А между тем в человеке есть более высшее, лучшее влечение, не имеющее ничего общего с качеством овец, – влечение «чествовать своих героев», врожденная искренняя любовь к великим людям. Не позолоченный фартинг ценят глупцы, но золотую гинею, за которую они, по незнанию, его принимают. Почитание героев заключается в природе человека, оно во все времена было его отличительной чертой, в наш же век в особенности. Во все времена, даже в наше столь непокорное время, знаменательным фактом является то обстоятельство, – так хитро распорядилась природа, – что «человек повинуется только тому, кому он должен повиноваться». Докажи тупоумной твари или гордому уму, что действительно есть душа, превышающая его душу, и если его колени тверды, как медь, то и тогда он преклонит их и будет боготворить ее. Так написано в истории и будет читаться и повторяться до тех пор, пока все не узнают. Притом нужно помнить, что почитание героев было первой, второй и будет последней религией человека, религией неразрушимой, хотя и изменяющейся в форме, но в сущности неизменной. Политика, религия, честность и все высшие человеческие интересы будут покоиться на ней, как на скале, которая будет стоять, пока существует человечество. Такое значение имеет почитание героев, так много заключается в нас врожденной истинной любви к великим людям. И чем лучше мы можем выразить нашу признательность этим благодеяниям действительности, как не тем, что постараемся с улыбкой на устах прощать нелепые выходки притворства, даже самые вечера львов, снабжены ли эти львы ярлыками или нет, и пожелаем им всякого преуспеяния.

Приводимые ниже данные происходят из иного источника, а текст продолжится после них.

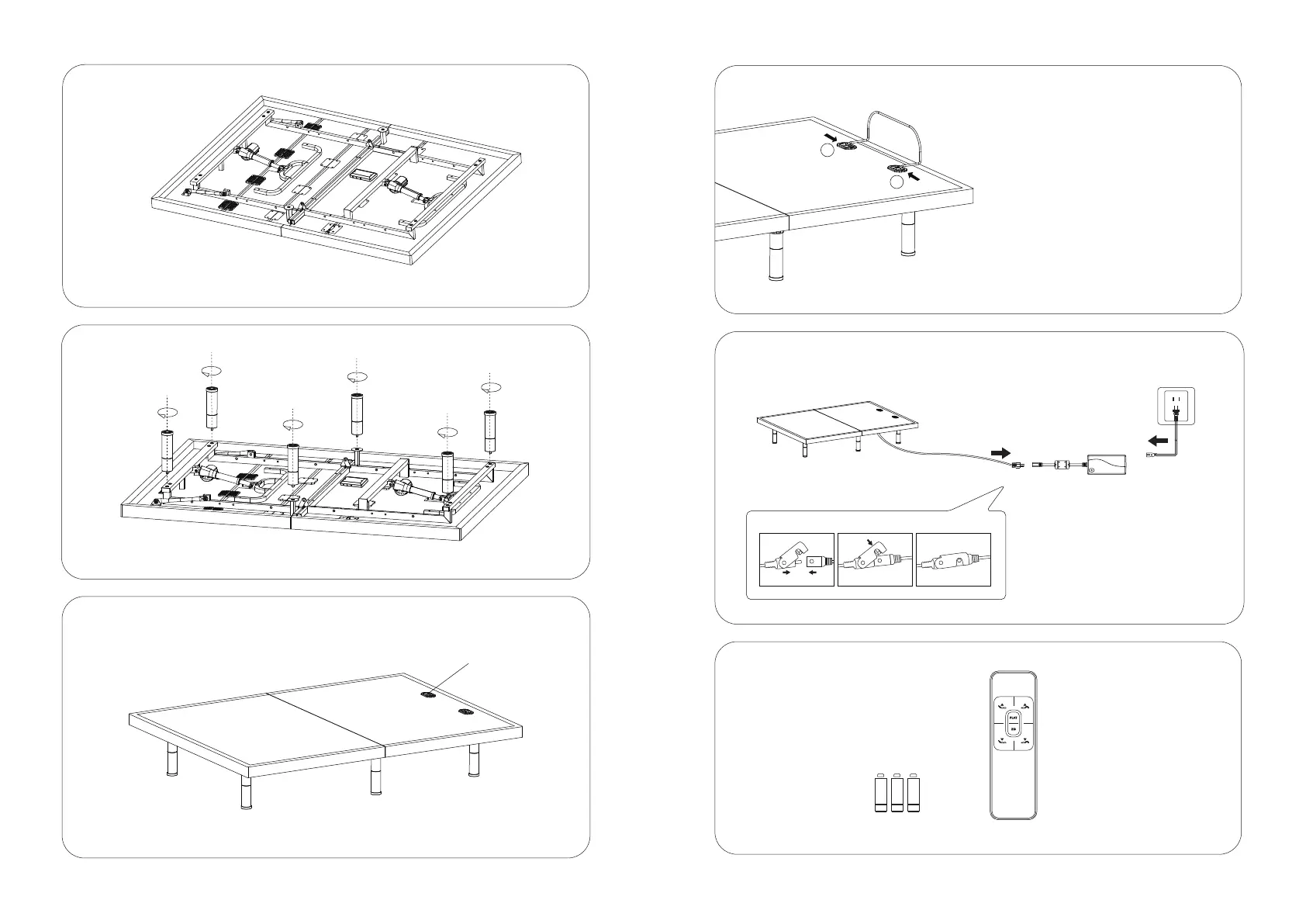 Install legs and tighten by hand.
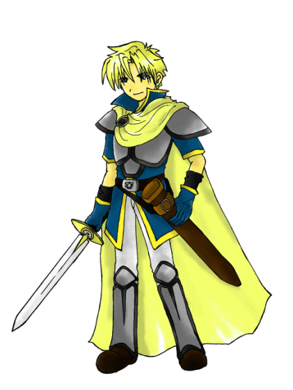 テンクウ王家に仕える兵士団のトップに立つ人物。その誠実さと忠誠心で王家の者のみならず、国民からも信頼されている。12歳で兵士団に入った時からめきめきと剣の腕前を上げ、今ではテンクウ一の腕前と言われている。おまけに金髪で端正な顔立ちの持ち主なので、女の子からの人気は抜群である。ファンクラブまであるとかないとか。

Пусть процветает почитание героев, скажем мы, как процветает погоня за позолоченными фартингами, когда нет гиней. Но гинеи существуют, в существование их верят и ценят их, – поэтому отыскивайте великих людей, если можете; если их нет, то этим не прекращаются поиски. За неимением великих людей покажите нам известных людей столько, сколько на них достанет аппетита у публики.